DuplicatePDFDetector

Core class for duplicate detection with async-first APIs.

import { DuplicatePDFDetector } from '@nikobuddy/duplicate-detector';

const detector = new DuplicatePDFDetector();

// Add files
await detector.addFiles(fileList);

// Detect duplicates (async-first)
const result = await detector.detectDuplicates(options);
// or explicitly
const result = await detector.detectDuplicatesAsync(options);

// Remove duplicates (async version available)
const remaining = await detector.removeDuplicatesAsync('smallest');
// or sync version
const remaining = detector.removeDuplicates('smallest');

Methods

  • addFiles(files: FileList | File[]): Promise<PDFFile[]> - Add files to detector
  • detectDuplicates(options?: DetectionOptions): Promise<DetectionResult> - Detect duplicates
  • detectDuplicatesAsync(options?: DetectionOptions): Promise<DetectionResult> - Async-first API
  • removeDuplicates(keepStrategy?: KeepStrategy): PDFFile[] - Remove duplicates (sync)
  • removeDuplicatesAsync(keepStrategy?: KeepStrategy): Promise<PDFFile[]> - Remove duplicates (async)
  • getUniqueFiles(): PDFFile[] - Get unique files
  • getDuplicateGroups(): DuplicateGroup[] - Get duplicate groups
  • getFiles(): PDFFile[] - Get all files
  • removeFile(id: string): void - Remove file by ID
  • clearFiles(): void - Clear all files

Detection Methods

1. Exact Match (exact)

Fastest method - byte-for-byte comparison. Best for exact duplicates.

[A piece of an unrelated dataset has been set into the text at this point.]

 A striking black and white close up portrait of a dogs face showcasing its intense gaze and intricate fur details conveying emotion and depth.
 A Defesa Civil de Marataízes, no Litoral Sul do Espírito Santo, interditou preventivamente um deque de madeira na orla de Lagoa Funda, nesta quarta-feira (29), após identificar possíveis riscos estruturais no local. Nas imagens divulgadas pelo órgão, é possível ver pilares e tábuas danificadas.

await detector.detectDuplicates({ method: 'exact' });

2. Hash Method (hash)

Fast comparison using file hash. Good for exact duplicates.

await detector.detectDuplicates({ method: 'hash' });

3. Content Method (content)

Thorough comparison using PDF content. Best for finding similar PDFs.

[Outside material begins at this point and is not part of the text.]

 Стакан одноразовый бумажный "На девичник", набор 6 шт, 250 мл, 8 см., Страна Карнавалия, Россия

await detector.detectDuplicates({
  method: 'content',
  compareText: true,
  compareMetadata: true,
});

4. Hybrid Method (hybrid) - Recommended

Uses both hash and content comparison for best accuracy.

await detector.detectDuplicates({ method: 'hybrid' });

5. Fuzzy Matching (fuzzy)

Finds similar PDFs based on similarity threshold. Perfect for near-duplicates.

await detector.detectDuplicates({
  method: 'fuzzy',
  threshold: 0.8, // 80% similarity required
  compareText: true,
  caseSensitive: false,
  ignoreWhitespace: true,
  ignorePunctuation: false,
});

6. Token-Based (token)

Token-based comparison for advanced duplicate detection.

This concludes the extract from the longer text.